----- Exercise data -----
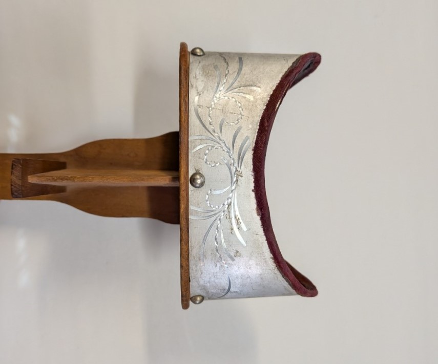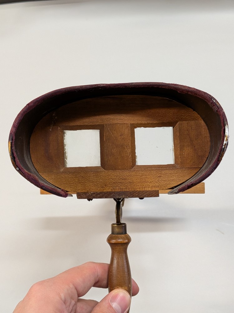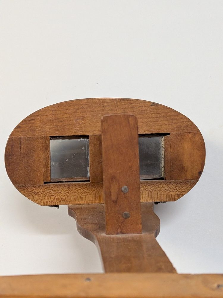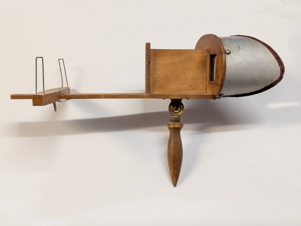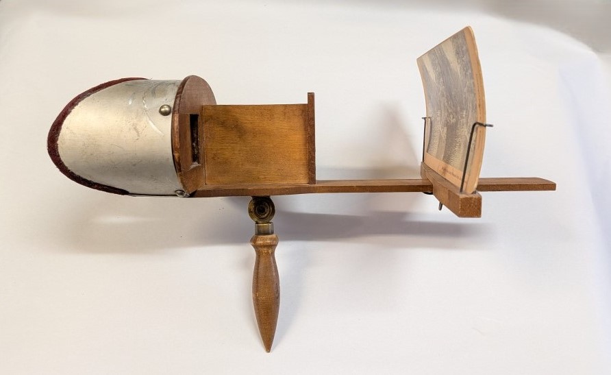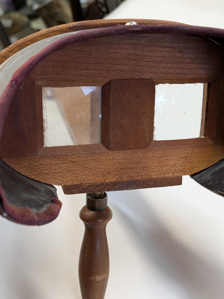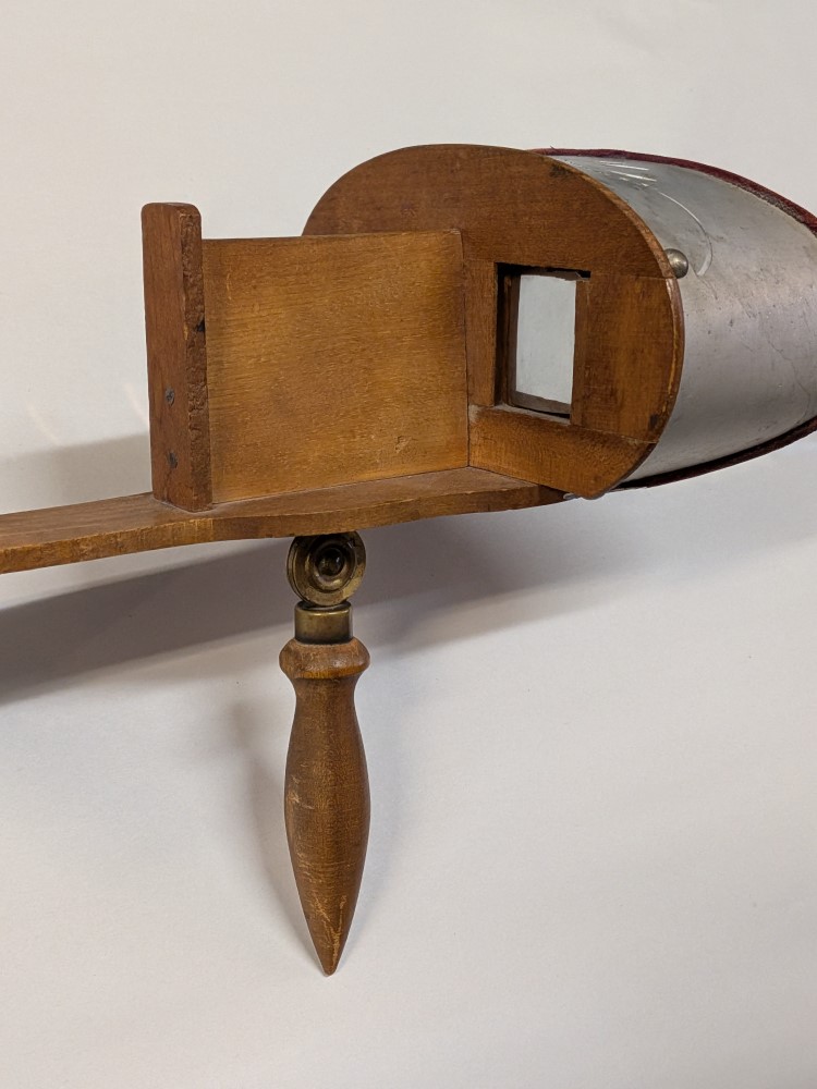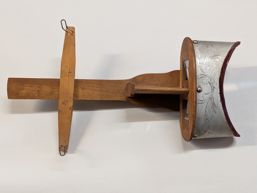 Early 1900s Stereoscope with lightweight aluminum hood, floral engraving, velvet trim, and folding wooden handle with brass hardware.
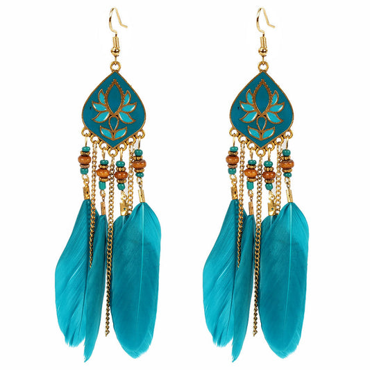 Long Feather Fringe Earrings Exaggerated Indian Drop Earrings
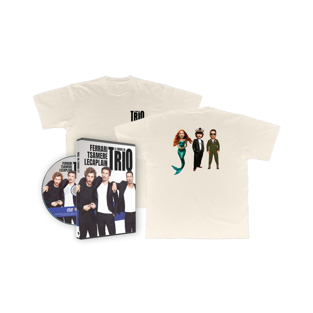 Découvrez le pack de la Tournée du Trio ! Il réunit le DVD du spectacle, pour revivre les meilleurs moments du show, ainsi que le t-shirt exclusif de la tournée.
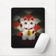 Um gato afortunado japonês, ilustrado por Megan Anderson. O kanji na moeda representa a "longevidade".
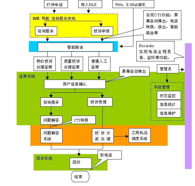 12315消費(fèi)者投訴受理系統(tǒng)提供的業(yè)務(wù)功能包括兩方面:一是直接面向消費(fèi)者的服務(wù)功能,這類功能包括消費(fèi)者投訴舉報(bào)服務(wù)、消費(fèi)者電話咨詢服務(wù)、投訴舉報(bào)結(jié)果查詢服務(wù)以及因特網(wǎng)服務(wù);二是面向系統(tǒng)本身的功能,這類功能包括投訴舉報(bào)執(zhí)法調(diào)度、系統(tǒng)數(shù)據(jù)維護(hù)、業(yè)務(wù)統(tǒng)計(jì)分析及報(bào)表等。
-----
Work to be completed
For the records above, output each one exactly and skip any image.

Response
 Early 1900s Stereoscope with lightweight aluminum hood, floral engraving, velvet trim, and folding wooden handle with brass hardware.
 Long Feather Fringe Earrings Exaggerated Indian Drop Earrings
 Découvrez le pack de la Tournée du Trio ! Il réunit le DVD du spectacle, pour revivre les meilleurs moments du show, ainsi que le t-shirt exclusif de la tournée.
 Um gato afortunado japonês, ilustrado por Megan Anderson. O kanji na moeda representa a "longevidade".
 12315消費(fèi)者投訴受理系統(tǒng)提供的業(yè)務(wù)功能包括兩方面:一是直接面向消費(fèi)者的服務(wù)功能,這類功能包括消費(fèi)者投訴舉報(bào)服務(wù)、消費(fèi)者電話咨詢服務(wù)、投訴舉報(bào)結(jié)果查詢服務(wù)以及因特網(wǎng)服務(wù);二是面向系統(tǒng)本身的功能,這類功能包括投訴舉報(bào)執(zhí)法調(diào)度、系統(tǒng)數(shù)據(jù)維護(hù)、業(yè)務(wù)統(tǒng)計(jì)分析及報(bào)表等。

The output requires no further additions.